Pays-Bas : prix et coûts élevés pour les melons et les pastèques
La pénurie de conteneurs se fait actuellement sentir aussi dans l'approvisionnement en melons. « L'astuce, en ce moment, c'est de mettre suffisamment de conteneurs sur le bateau », explique un importateur néerlandais. « Le coût du fret maritime est plus élevé que jamais, mais cela affecte tout le monde. Actuellement, nous n'importons que du Costa Rica, mais au Honduras, la situation logistique n'est pas différente. De plus, depuis des semaines, les retards de quelques jours sont monnaie courante. D'ailleurs, le fait qu'il n'y ait pas une abondance de melons à l'entrée n'est pas un problème pour les ventes. Les prix se situent à un niveau très correct, ce qui est une bonne chose. »

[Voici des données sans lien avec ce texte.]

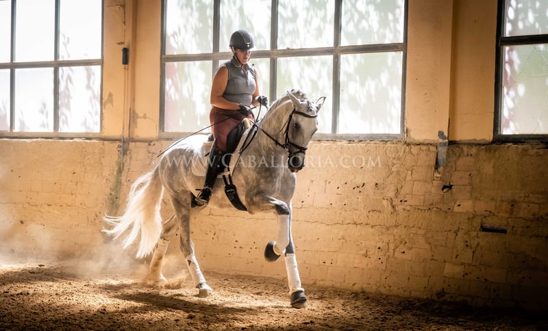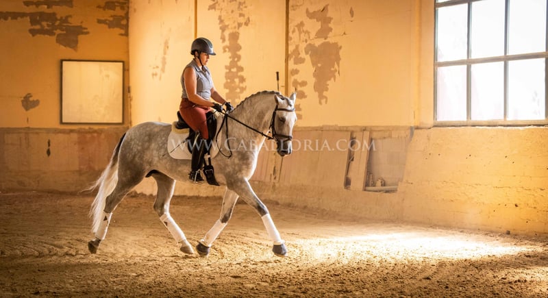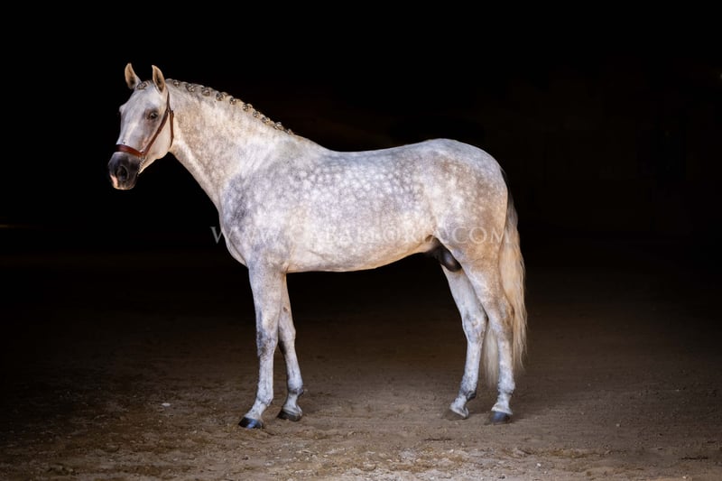 Name: Abaquio Born on: 12.04.2020 Stock size: 1,67 m Training level: Level 2 ANCCE classification: Reproductor básico ( licensed ) Abaquio is an absolutely lovely and uncomplicated PRE stallion with a height of 1.67 m. His relaxed character makes him interesting for the ambitious dressage rider as well as for the leisure rider. Whether in daily training or in handling, Abaquio is always friendly and cooperative. Thanks to his solid training at level 2, he offers a good basis for further progress in dressage or as a relaxed companion for leisure riding. Information on request! *All visual content, including photos and videos, presented by Caballoria S.L. are protected by copyright. This means that the reproduction, distribution, exhibition or any use of these materials without the express and written consent of Caballoria S.L. is strictly prohibited. Copyright law ensures that authors retain control over their works and are appropriately recognized and compensated for their use.

« Par exemple, le prix de vente des melons Cantaloup se situe actuellement entre 8 et 8,50 euros, les Piel de Sapo, que nous proposons toujours en provenance du Brésil sont vendus 13,50 à 14 euros (10 kg) et les melons jaunes se situent également à ce niveau de prix. Le prix des pastèques Quetzalí est d'environ 85 cents ; celles sans pépins sont encore plus limitées et se situent autour de 95 cents pour 1 euro », note l'importateur. Selon lui, les troubles en Ukraine n'ont eu qu'un impact limité sur le marché du melon. « Vous ratez ici et là un client que vous ne pouvez pas servir, mais globalement, le melon n'allait pas trop de ce côté-là, ce qui est une toute autre histoire avec un article comme les poires d'Afrique du Sud par exemple. En termes de qualité, la saison du melon se déroule également bien, tant que les délais n'augmentent pas trop, car cela se reflète dans la qualité. »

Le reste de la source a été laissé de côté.